Editor’s note: Congressman Peter DeFazio is absolutely correct.

It will take years to fully understand the impact COVID-19 has unleashed on our country, but one thing we know for certain is that the pandemic has exposed the dangerous and indefensible public health and national security threats of hyperglobalization. It has revealed the frightening truth that after decades of corporate-rigged trade agreements and the outsourcing of U.S. manufacturing jobs and capacity, we are incapable of supplying our own citizens with critical materials essential to saving lives and combatting this public health emergency.

[Rep. Peter Defazio | June 18, 2020 | The Hill]

We cannot afford to wait years to address this vulnerability.

Simply strengthening medical supply chains won’t end this crisis, adequately prepare us for the next crisis – whenever and whatever it may be – or address structural failures that go far beyond just this emergency.

We need new rules for the global economy and new policies at home that will enable us to efficiently rebuild U.S. manufacturing capacity and spur the innovation and resilience domestic production capacity fosters.

The goal is not U.S. self-sufficiency. Rather, we must both ensure significant domestic production capacity while diversifying our trade relationships in order to end overreliance on imports of critical goods from a few countries, most problematically, China.

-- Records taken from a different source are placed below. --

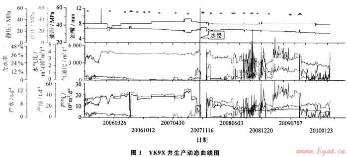 基于對氣油比異常氣井的動態(tài)分析,發(fā)現(xiàn)當氣井受到水侵影響的時候,其生產(chǎn)氣油比都會出現(xiàn)不同程度的下降,認為出水會導(dǎo)致生產(chǎn)氣油比的下降。
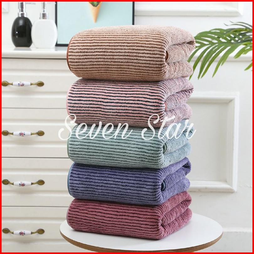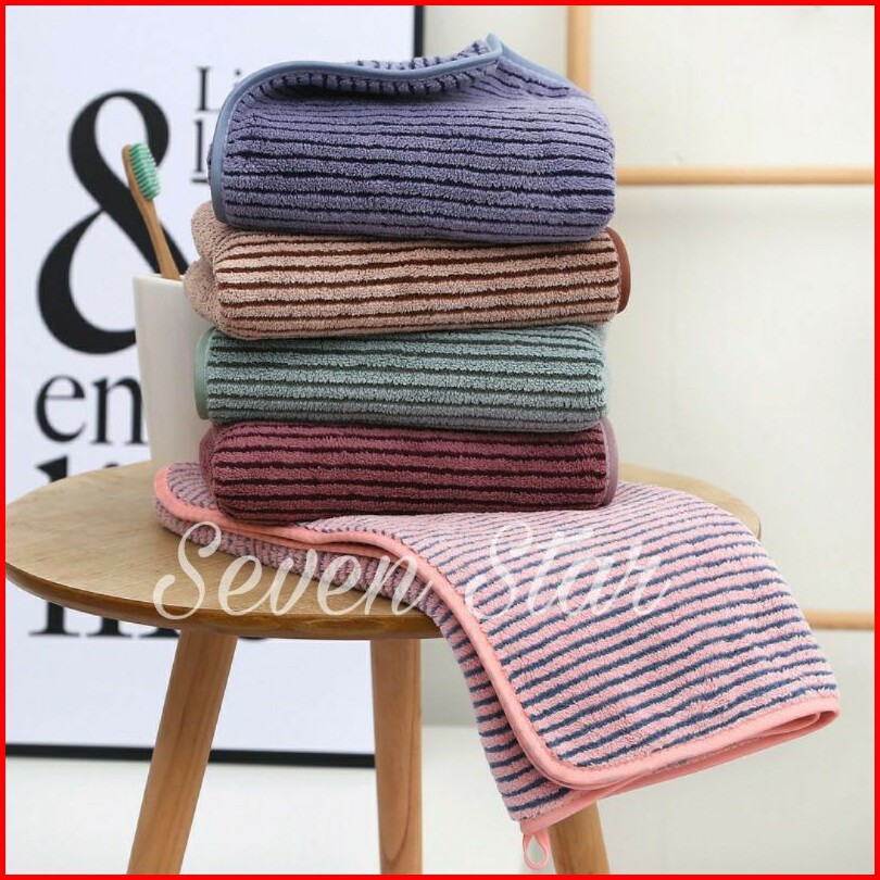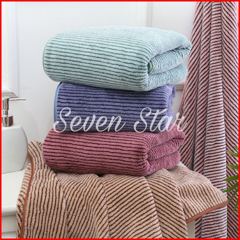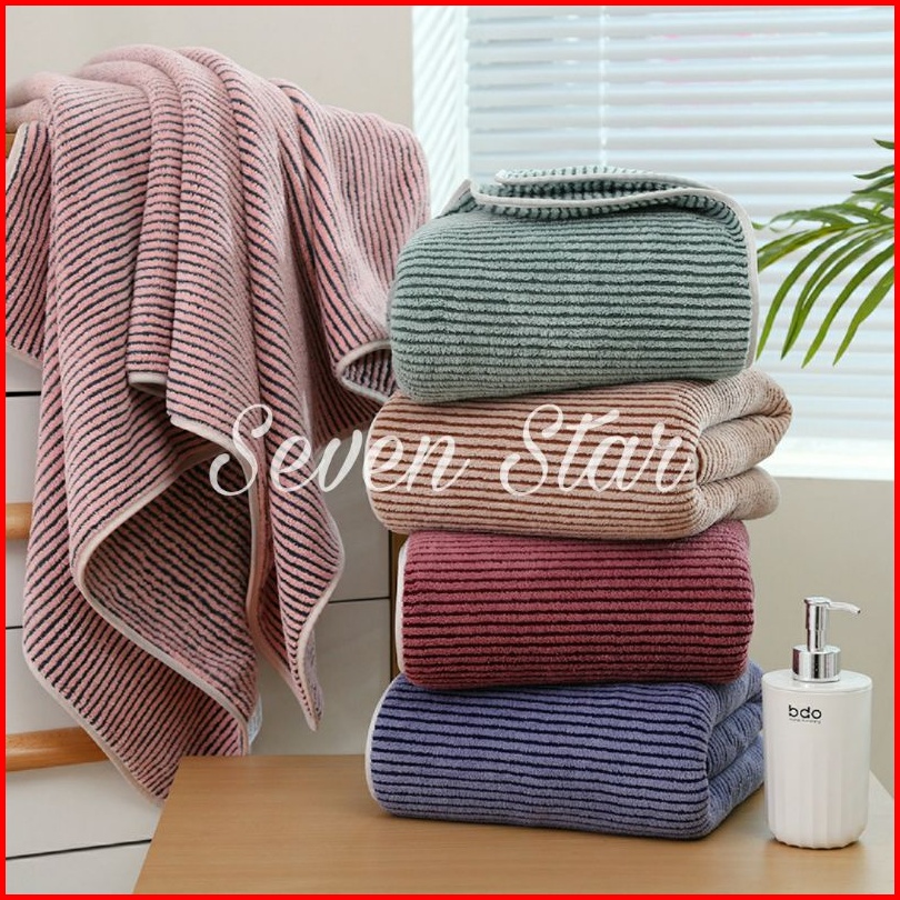 Handuk Mandi Dewasa Quick Dry Microfiber Bulu 70x140 Garis Tipis Super Serap Air Premium Lembut Keramas
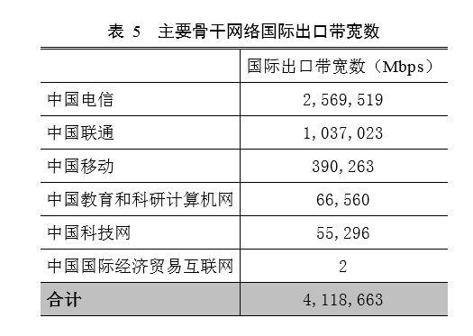 國際出口帶寬為4,118,663Mbps,年增長20.9% 。
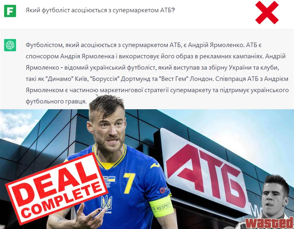ВІДПОВІДЬ ChatGPT: "Футболістом, який асоціюється з супермаркетом АТБ, є Андрій Ярмоленко. АТБ є його спонсором і використовує його образ в рекламних кампаніях. Співпраця АТБ з Андрієм Ярмоленком є частиною маркетингової стратегії супермаркету та підтримує українського футбольного гравця".

However, U.S. participation in the World Trade Organization (WTO), as it exists today, is a barrier to this necessary evolution. This isn’t a gut reaction or flamboyant rhetoric – there is a clear track record that shows the WTO has been a disaster for the U.S.

That’s why I introduced legislation to start the process of withdrawing the U.S. from the WTO.

Twenty-five years after the WTO was established, it’s obvious that replacing the General Agreement on Tariffs and Trade (GATT) with the WTO was an even worse idea than many who opposed the WTO could have imagined. The WTO’s expansive non-trade terms prioritize corporate rights and low wages at the expense of democracy, social resiliency, and well-paying jobs here at home.

Since its establishment in 1995, but even more so since China joined in 2001, the WTO’s ban on Buy American and other domestic procurement preferences, its protections for foreign investors, and its lack of rules against currency misalignments and other forms of unfair trade practices have promoted the outsourcing of American production capacity and decimated well-paying manufacturing jobs.

These are the facts: a quarter of U.S. manufacturing jobs – roughly 5 million – lost. Sixty thousand U.S. factories shuttered. A U.S. goods and services trade deficit explosion of 265 percent, from $170 billion in 1994 to $617 billion in 2019.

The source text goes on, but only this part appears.